I will just add that personally I never found any of the pimple patches with salicylic acid in them to be remotely useful. Maybe it’s the brand, I dunno, but I just stick with using straight up hydrocolloidal patches on actually fully-formed zits. They are fucking brilliant and you should have some on hand at all times, my god they are like little miracles.
Sale
HEY also Dermstore is doing their Summer Sale right now, go forth and stock up if you need to! Some great deals, especially if you’re a lover of Good Genes (you can get the big size for way cheaper than usual) or if, like me, you have your eye on some Avène products (I am extremely curious about that Retrinal.)
Weleda PSA
As you know by now, Lab Muffin a.k.a Michelle is one of my faves in the skincare world, and she recently talked about how Very Problematic the brand Weleda is. As someone who enjoys their Skin Food product (it’s been my nighttime hand cream this winter/pandemic, because it’s greasy as fuck and smells delightful to me) but was only vaguely aware of/annoyed by their “nature is better” marketing, this was a surprise.
Here’s her thread:
If you’re looking for an alternative to Skin Food, I promise there’s nothing all that special about it. It’s just very full of lanolin. You can get some Lansinoh (seriously, it’s 100% lanolin, why should nipples get all the love?) or if you’re attached to a nice scent, try out Lano Hand Cream - or the other Lano products.
Shipping Woes
This is just a warning if you are thinking up picking up some essentials from YesStyle - which, as you know, I frequently do: it will take forever. It doesn’t appear to be YesStyle’s fault, at least. I think it’s just customs. They shipped an order out to me on April 1 and I still haven’t seen it. I don’t even know if it’s hit the US Postal system yet, I didn’t get any kind of tracking number this time. I have a back-up of my Hada Labo Premium that I could bust into, but my beloved centella serum is on its last few pumps and I will be left in the lurch if that package doesn’t arrive, o the horror.

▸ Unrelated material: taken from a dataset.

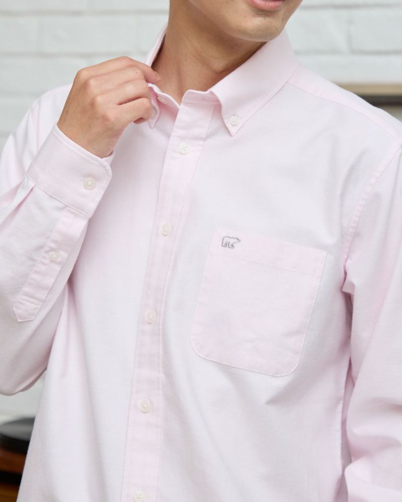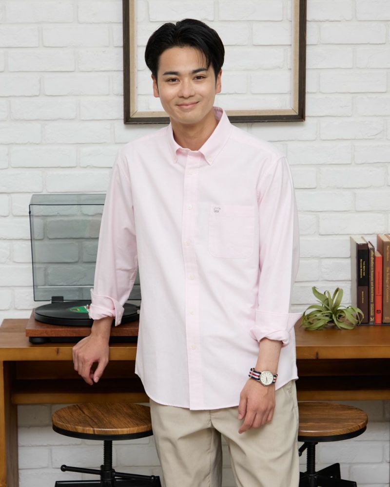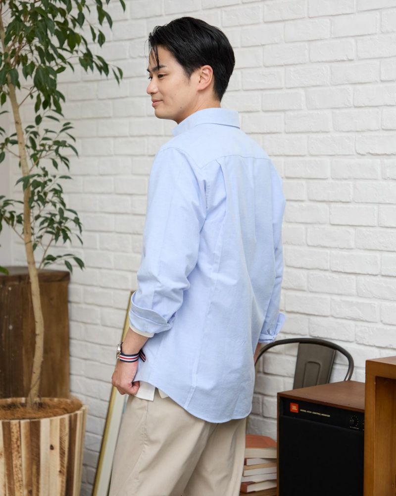 ボタンダウン襟のオックスシャツです。生地は緯糸に太番手を使用し肉感があり、表面にピーチ起毛をかけ製品柔軟洗いをかけることでふっくらとした柔らかな風合いに仕上げました。お洗濯後のアイロンがけが大変・・・なんてこと、ありますよね?イージー加工を施していますのでお手入れが簡単です。ホワイト、ピンク、クリーム、サックスのカラーバリエーション。迷ったらこれ!と言える万能アイテムです。一枚持っているだけで、毎日のコーディネートがぐっと楽になります。 モデル身長: 176 cm 着用サイズ: L サイズ Golden Bear Men's シャツ (Men's) レディースサイズはこちら 【着用アイテム】317RC101 ブレザー 314RC412 ラガーシャツ 314R8452 長袖ポロシャツ 314R8701 チノパン 314R8703 イージーパンツ

So try not to order from overseas for anything you need within a month (or two months, I guess.) I might be forced to place an order with Amazon, sigh.
Wisdom Nuggets
I mean I could just call this Fun Facts, but they are not actually fun. Anyway, I thought I’d let you in on some not-so-secret-but-not-exactly-advertised info on some hyped ingredients, so that you can be savvy when shopping, impress friends and colleagues, take over the world and/or dominate trivia night at the pub, etc.
Collagen and Elastin
You will see these on labels and the implication is that you will replace/replenish your own collagen and elastin by applying the miracle moisturizer within. I am here to tell you that no. Collagen in the bottle doesn’t mean improved collagen in your skin. That is a myth. It is a biological impossibility.
HOWEVER, collagen and elastin are good moisturizers. Not any better than a bunch of other moisturizers, but definitely good moisturizers. So they are not shit ingredients, they’re just not going to do what you might think, and not what the skincare brand is trying to make you think when they splash that across the label. [cue The More You Know gif]
Probiotic and Prebiotics
They’ve been trying to make probiotics a thing in skincare for a while and once again I’m seeing all kinds of “it’s the new trend!” talk roll around lately. Ugh, stop trying to make fetch happen.
So to clarify: the skin microbiome is definitely a thing, and for sure it’s a thing that matters. There’s no doubt about that. But like your gut microbiome, it’s highly individualized and while we know there are some great things to have in there, it’s all a very fine balance so you can’t just slap on a “good” bacteria and assume it’ll improve things. Also there is so far no practical way to actually get live probiotics (they have to be living) into skincare. Your Activia yogurt is no good if it’s not refrigerated continuously at the right temp to keep it alive until it reaches your mouth - and once you open it up you gotta get it in your gut ASAP, not put the cap back on and stow it away for months at a time. So probiotics in skincare: bullshit wasted effort, don’t fall for it.
HOWEVER, there is plenty of evidence that PREbiotics are great. These are things (nutrients or compounds and whatnot) that promote the best environment for the good bacteria to grow. Prebiotics basically nudge your skin into creating and maintaining a healthy microbiome. There are a lot of clinical studies that show prebiotics work wonders for sensitive skin, especially for eczema and rosacea, both when taken orally and applied topically.
So in sum: probiotics bad, prebiotics good. Avène and La Roche Posay are leaders in the world of prebiotic skincare, if you’re in the market.
Okay, I will leave you with some of my IG posts, because I have been trying to catch up on reviewing some skincare items there! Tomorrow on IG I will try to remember to talk about the Hada Labo Gokujyun Alpha Lotion, fyi, and spoiler alert: meh.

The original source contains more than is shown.